= Task to carry out =
The required answer is an exact copy of the records below, without pictures.

(Data records)
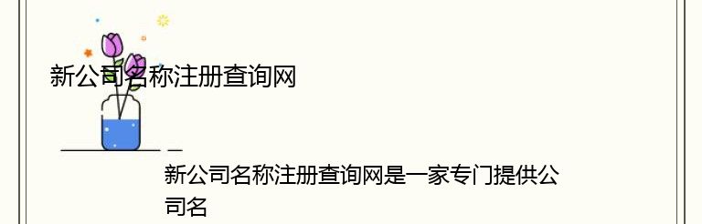 新公司名称注册查询网是一家专门提供公司名称注册查询服务的网站。在现代社会,公司的名称是非常重要的,它不仅代表着公司的品牌形象,还涉及到公司的法律地位和商业信誉。因此,选择一个合适的公司名称是每个创业者都必须面对的问题。
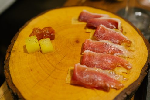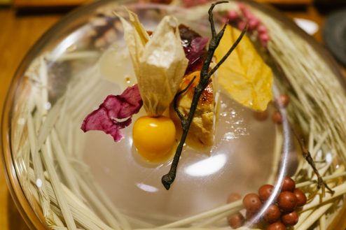 燻製のような処理をする料理は、今回はちょっと変わっていて(いや、いつもだが)、透明のフィルムで覆った下側に燻製の煙を閉じ込めておき、小さな穴から出てくる煙を一緒に食べるかのようにしていく。奥久慈のしゃもはかみ応えがある濃厚さがあり、ほおづきの実もまた美味しい。
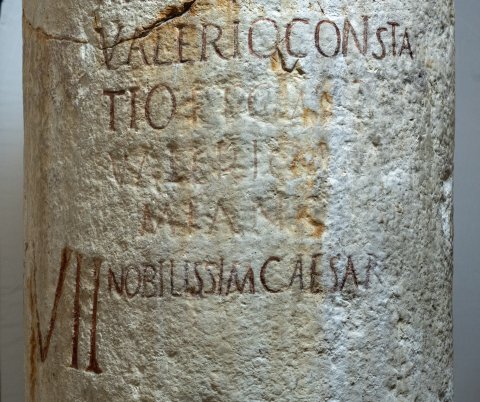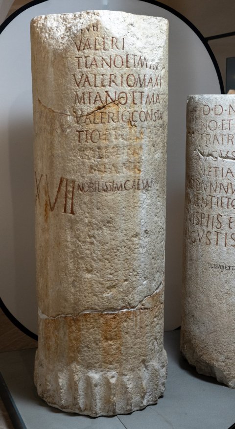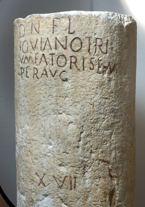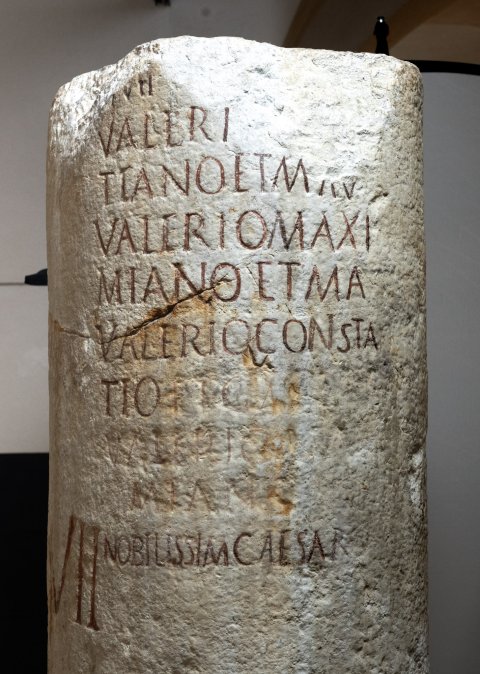 - [I]mp(eratoribus) [Caes(aribus) C(aio) Aur(elio)] / Valeri[o Diocle]/tiano et M(arco) Au[r(elio)] / Valerio Maxi/miano et M(arco) A[ur(elio)] / Valerio Cons[tan]/tio et Galerio / Valerio Maxi/miano / nobiliss(imis) Caesar(ibus) / XVII // D(omino) n(ostro) Fl(avio) / Ioviano tri/umfatori sem/per Aug(usto) / XVII
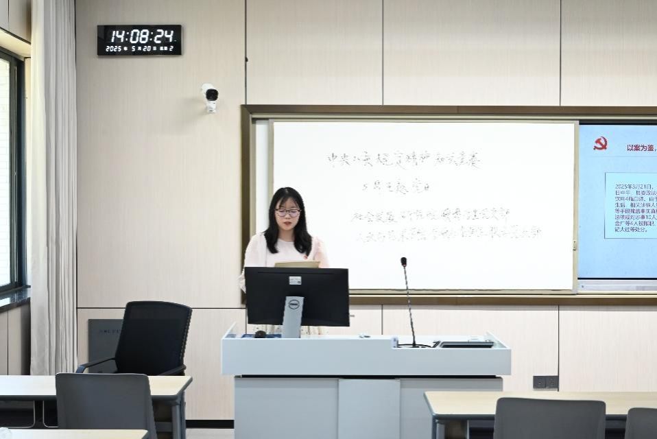 学硕与本科生联合党支部纪检委员)带领大家学习《党的十八大以来深入贯彻中央八项规定精神的成效和经验》和《八项规定改变中国》的主要内容,并分享了题为《以“徙木立信”践行人民立场,以“久久为功”锤炼优良作风》的学习心得。她强调,青年党员要以中央八项规定为标尺,校正自己的思想行为,要在实践中练就“为民情怀”,要将纪律规矩内化于心、外化于行。
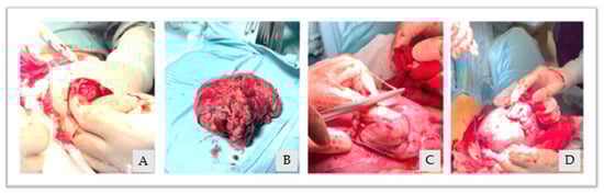 (A): uterine hysterotomy, (B): removed placenta, (C,D): uterine breach suture.
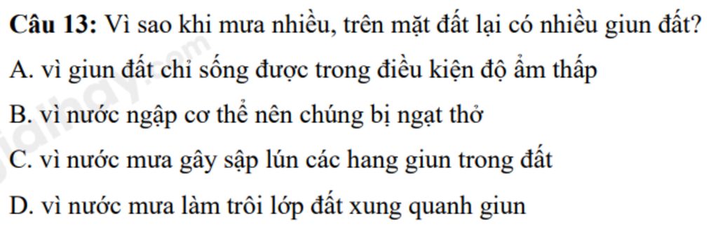 `-`Giun đất hô hấp qua da nên khi môi trường xung quanh ngập nước nó không thể thực hiện hô hấp. Phải ngoi lên mặt đất để tìm kiếm không khí và `O_2`
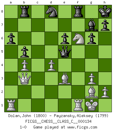 Last move : 1-0 2010 January 26 18:3:40 [Event "FICGS__CHESS__CLASS_C__000134"] [Site "FICGS"] [Date "2010.01.14"] [Round "1"] [White "Dolan,John"] [Black "Payzansky,Aleksey"] [Result "1-0"] [WhiteElo "1800"] [BlackElo "1799"] 1.e4 c5 2.c4 Nc6 3.Nc3 g6 4.g3 Bg7 5.Bg2 Nf6 6.Nge2 d6 7.O-O O-O 8.d3 Be6 9.a3 Qc8 10.Nf4 Rb8 11.Nxe6 fxe6 12.Bh3 Nd8 13.Be3 Qc6 14.Qc2 a6 15.b4 cxb4 16.axb4 d5 17.e5 Nd7 18.cxd5 exd5 19.f4 e6 20.Qb3 b5 21.Bg2 Kh8 22.Nxd5 Nxe5 23.Nf6 Qd6 24.fxe5 Qxe5 25.d4 1-0 Sicilian defense Kingside Castling by player White (move 7) Kingside Castling by player Black (move 7) Player White won this chess game. Follow this game move after move (download)There is no remorse like the remorse of Chess. (H. G. Wells) Ich hatte Angst gegen einen russischen Großmeister zu verlieren, und er befürchtete gegen einen kleinen Jungen zu verlieren. (über ein Remis gegen Juri Awerbach). (Robert James Fischer) Solo existe una cosa que Fischer hace en el Ajedrez sin placer: ¡perder!. (Boris Spassky) Le pion, dans sa simplicité, marche droit devant lui, mais lorsqu'il prend, il le fait obliquement? Ainsi l'homme, tant qu'il reste pauvre, marche dans la droiture et vit honnêtement, mais lorsqu'il recherche les honneurs, il flatte, se parjure et, par les voies obliques, cherche une position supérieure sur l'échiquier du monde. (Jean de Galles) The Internet is the first thing that humanity has build that humanity doesn't understand, the largest experiment in anarchy that we have ever had. (Eric Schmidt)
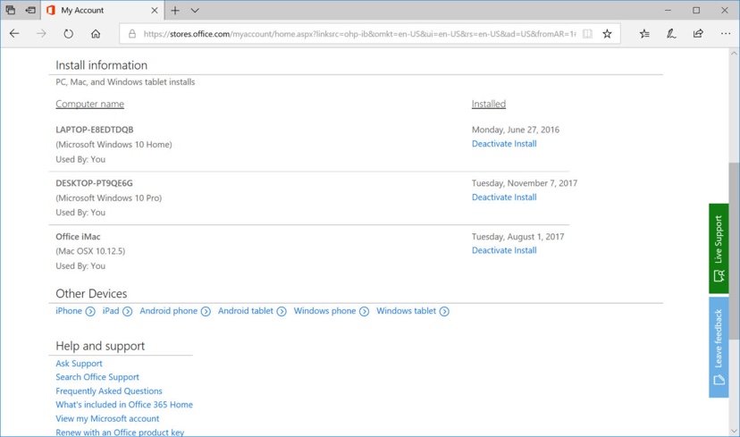 次のページで、少し下にスクロールすると、Install Informationというセクションが表示されます。この項目では、Office 365アカウントが現在アクティブ化されているすべてのデバイス(サブスクリプションの一部としてOfficeアプリケーションをダウンロードしてインストールしたPC、Mac、タブレット)が一覧表示されます。
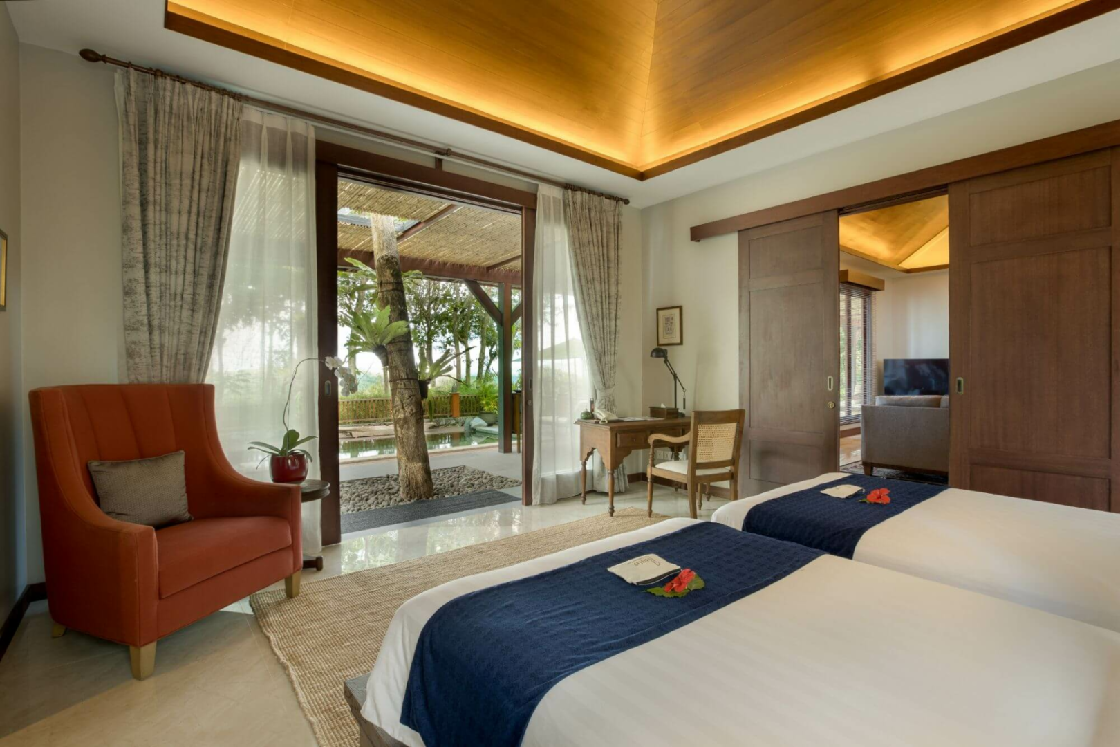 Das Plataran Borobudur Resort ist die perfekte Wahl für diejenigen, die eine kleine, gemütliche Atmosphäre mit allem Komfort von zu Hause suchen. Die Lage mit Blick auf den Borobudur-Tempel, eingebettet in eine üppige grüne Landschaft ist unvergleichlich. Alle 21 Villen im Kolonialstil befinden sich an einem steilen Hang, umgeben von Pflanzen und Bäumen. Das Erste, was Euch auffallen wird, ist die nahtlose Verbindung von traditioneller javanischer Architektur mit modernem Komfort. Die Villen sind geräumig und großzügig und verfügen über einen privaten Pool. Wenn man möchtet, kann auch in der Villa speisen. Der Höhepunkt des Erlebnisses ist zweifellos der engagierte, private Butler, der sich persönlich um Euren Aufenthalt kümmert, um sicherzustellen, dass er perfekt ist.
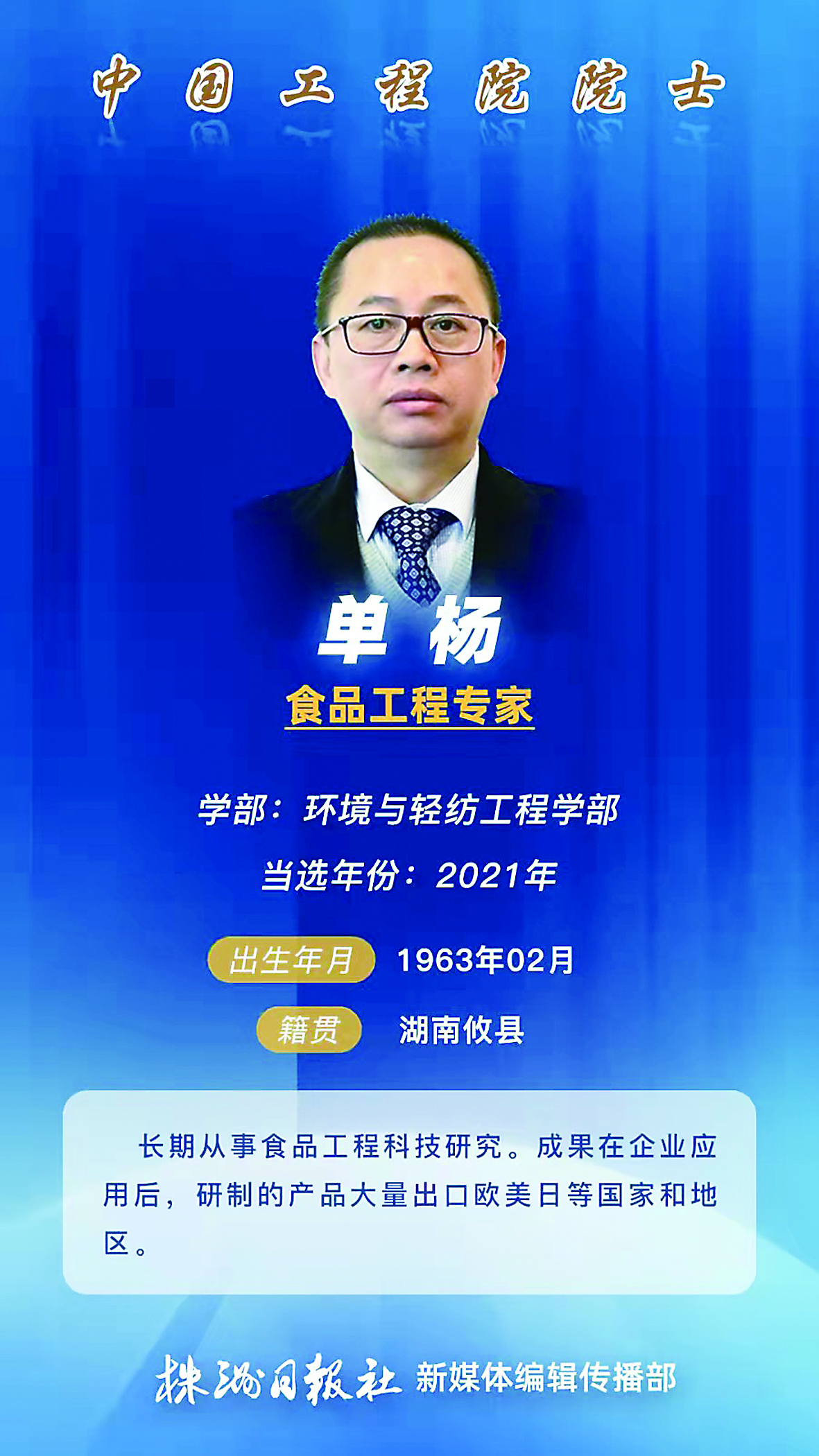 11月18日,备受关注的2021年两院院士增选结果揭晓,共有149人当选。其中,攸县籍专家单杨与王双飞当选中国工程院院士。至此,株洲籍院士增加至7人。此外,还有3位院士,长期或曾经在株洲工作生活。他们都是株洲的骄傲。
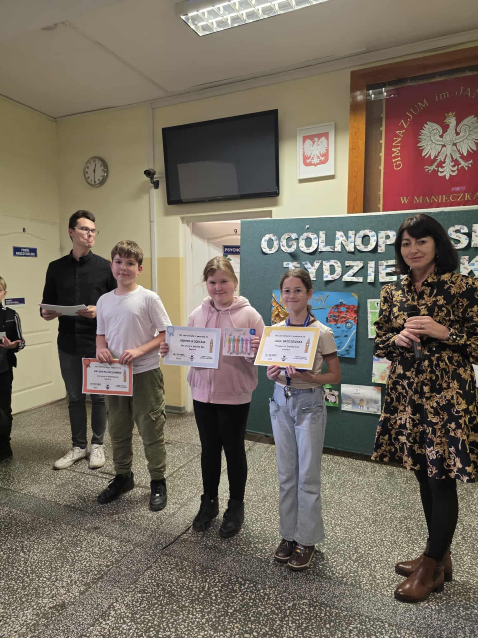 Konkurs Literowania w Języku angielskim pt. "Spelling Bee" cieszył się dużym zainteresowaniem wśród klas III i IV. Szesnaścioro uczniów sprawdziło się w poprawności literowania po angielsku losowo wybranych wyrazów. Emocji było sporo, gdyż dotarliśmy aż do 3 rundy, aby wyłonić najlepszych, a są nimi Julia Brzozowska, Kornelia Górczak oraz Fryderyk Kaczmarek. Organizatorami byli Pani Dorota Cieślak oraz Pan Kacper Jankowski, którzy już przygotowują kolejne konkursy.
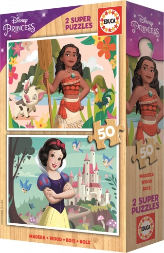 Puzzle en bois Disney Princesses Vaiana et Blanche-Neige 2×50 pièces
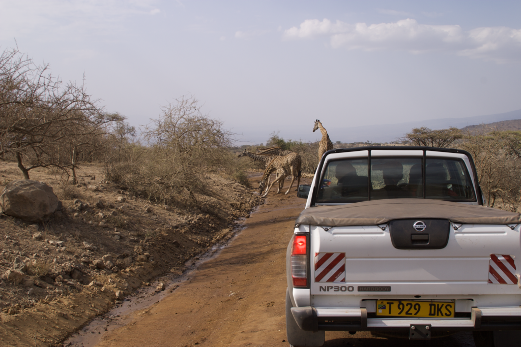 One particularly memorable moment happened on a long, dusty drive from the Ngorongoro volcanic highlands down toward Oldupai Gorge. Our convoy of vehicles came to a halt thanks to what we jokingly called a “Giraffic Jam” — a group of giraffes casually blocking the road while enjoying some roadside snacks, completely indifferent to our situation. Seeing giraffes cause a traffic jam was a surreal experience and definitely not in the driver’s manual (Photo 5).
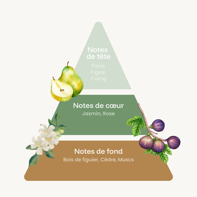 Laissez-vous séduire par Poire et Bois de Figuier, une fragrance fruitée et élégante qui marie la douceur des fruits mûrs à la chaleur boisée du figuier. Les notes de tête de poire, de figue et de coing offrent une ouverture juteuse et lumineuse, évoquant la fraîcheur d’un verger baigné de soleil. Le cœur dévoile un bouquet délicat de jasmin et de rose, apportant une touche florale raffinée. En fond, les accords de bois de figuier, de cèdre et de muscs prolongent cette harmonie en un sillage doux, rond et apaisant.

= Result below =
 新公司名称注册查询网是一家专门提供公司名称注册查询服务的网站。在现代社会,公司的名称是非常重要的,它不仅代表着公司的品牌形象,还涉及到公司的法律地位和商业信誉。因此,选择一个合适的公司名称是每个创业者都必须面对的问题。
 燻製のような処理をする料理は、今回はちょっと変わっていて(いや、いつもだが)、透明のフィルムで覆った下側に燻製の煙を閉じ込めておき、小さな穴から出てくる煙を一緒に食べるかのようにしていく。奥久慈のしゃもはかみ応えがある濃厚さがあり、ほおづきの実もまた美味しい。
 - [I]mp(eratoribus) [Caes(aribus) C(aio) Aur(elio)] / Valeri[o Diocle]/tiano et M(arco) Au[r(elio)] / Valerio Maxi/miano et M(arco) A[ur(elio)] / Valerio Cons[tan]/tio et Galerio / Valerio Maxi/miano / nobiliss(imis) Caesar(ibus) / XVII // D(omino) n(ostro) Fl(avio) / Ioviano tri/umfatori sem/per Aug(usto) / XVII
 学硕与本科生联合党支部纪检委员)带领大家学习《党的十八大以来深入贯彻中央八项规定精神的成效和经验》和《八项规定改变中国》的主要内容,并分享了题为《以“徙木立信”践行人民立场,以“久久为功”锤炼优良作风》的学习心得。她强调,青年党员要以中央八项规定为标尺,校正自己的思想行为,要在实践中练就“为民情怀”,要将纪律规矩内化于心、外化于行。
 (A): uterine hysterotomy, (B): removed placenta, (C,D): uterine breach suture.
 `-`Giun đất hô hấp qua da nên khi môi trường xung quanh ngập nước nó không thể thực hiện hô hấp. Phải ngoi lên mặt đất để tìm kiếm không khí và `O_2`
 Last move : 1-0 2010 January 26 18:3:40 [Event "FICGS__CHESS__CLASS_C__000134"] [Site "FICGS"] [Date "2010.01.14"] [Round "1"] [White "Dolan,John"] [Black "Payzansky,Aleksey"] [Result "1-0"] [WhiteElo "1800"] [BlackElo "1799"] 1.e4 c5 2.c4 Nc6 3.Nc3 g6 4.g3 Bg7 5.Bg2 Nf6 6.Nge2 d6 7.O-O O-O 8.d3 Be6 9.a3 Qc8 10.Nf4 Rb8 11.Nxe6 fxe6 12.Bh3 Nd8 13.Be3 Qc6 14.Qc2 a6 15.b4 cxb4 16.axb4 d5 17.e5 Nd7 18.cxd5 exd5 19.f4 e6 20.Qb3 b5 21.Bg2 Kh8 22.Nxd5 Nxe5 23.Nf6 Qd6 24.fxe5 Qxe5 25.d4 1-0 Sicilian defense Kingside Castling by player White (move 7) Kingside Castling by player Black (move 7) Player White won this chess game. Follow this game move after move (download)There is no remorse like the remorse of Chess. (H. G. Wells) Ich hatte Angst gegen einen russischen Großmeister zu verlieren, und er befürchtete gegen einen kleinen Jungen zu verlieren. (über ein Remis gegen Juri Awerbach). (Robert James Fischer) Solo existe una cosa que Fischer hace en el Ajedrez sin placer: ¡perder!. (Boris Spassky) Le pion, dans sa simplicité, marche droit devant lui, mais lorsqu'il prend, il le fait obliquement? Ainsi l'homme, tant qu'il reste pauvre, marche dans la droiture et vit honnêtement, mais lorsqu'il recherche les honneurs, il flatte, se parjure et, par les voies obliques, cherche une position supérieure sur l'échiquier du monde. (Jean de Galles) The Internet is the first thing that humanity has build that humanity doesn't understand, the largest experiment in anarchy that we have ever had. (Eric Schmidt)
 次のページで、少し下にスクロールすると、Install Informationというセクションが表示されます。この項目では、Office 365アカウントが現在アクティブ化されているすべてのデバイス(サブスクリプションの一部としてOfficeアプリケーションをダウンロードしてインストールしたPC、Mac、タブレット)が一覧表示されます。
 Das Plataran Borobudur Resort ist die perfekte Wahl für diejenigen, die eine kleine, gemütliche Atmosphäre mit allem Komfort von zu Hause suchen. Die Lage mit Blick auf den Borobudur-Tempel, eingebettet in eine üppige grüne Landschaft ist unvergleichlich. Alle 21 Villen im Kolonialstil befinden sich an einem steilen Hang, umgeben von Pflanzen und Bäumen. Das Erste, was Euch auffallen wird, ist die nahtlose Verbindung von traditioneller javanischer Architektur mit modernem Komfort. Die Villen sind geräumig und großzügig und verfügen über einen privaten Pool. Wenn man möchtet, kann auch in der Villa speisen. Der Höhepunkt des Erlebnisses ist zweifellos der engagierte, private Butler, der sich persönlich um Euren Aufenthalt kümmert, um sicherzustellen, dass er perfekt ist.
 11月18日,备受关注的2021年两院院士增选结果揭晓,共有149人当选。其中,攸县籍专家单杨与王双飞当选中国工程院院士。至此,株洲籍院士增加至7人。此外,还有3位院士,长期或曾经在株洲工作生活。他们都是株洲的骄傲。
 Konkurs Literowania w Języku angielskim pt. "Spelling Bee" cieszył się dużym zainteresowaniem wśród klas III i IV. Szesnaścioro uczniów sprawdziło się w poprawności literowania po angielsku losowo wybranych wyrazów. Emocji było sporo, gdyż dotarliśmy aż do 3 rundy, aby wyłonić najlepszych, a są nimi Julia Brzozowska, Kornelia Górczak oraz Fryderyk Kaczmarek. Organizatorami byli Pani Dorota Cieślak oraz Pan Kacper Jankowski, którzy już przygotowują kolejne konkursy.
 Puzzle en bois Disney Princesses Vaiana et Blanche-Neige 2×50 pièces
 One particularly memorable moment happened on a long, dusty drive from the Ngorongoro volcanic highlands down toward Oldupai Gorge. Our convoy of vehicles came to a halt thanks to what we jokingly called a “Giraffic Jam” — a group of giraffes casually blocking the road while enjoying some roadside snacks, completely indifferent to our situation. Seeing giraffes cause a traffic jam was a surreal experience and definitely not in the driver’s manual (Photo 5).
 Laissez-vous séduire par Poire et Bois de Figuier, une fragrance fruitée et élégante qui marie la douceur des fruits mûrs à la chaleur boisée du figuier. Les notes de tête de poire, de figue et de coing offrent une ouverture juteuse et lumineuse, évoquant la fraîcheur d’un verger baigné de soleil. Le cœur dévoile un bouquet délicat de jasmin et de rose, apportant une touche florale raffinée. En fond, les accords de bois de figuier, de cèdre et de muscs prolongent cette harmonie en un sillage doux, rond et apaisant.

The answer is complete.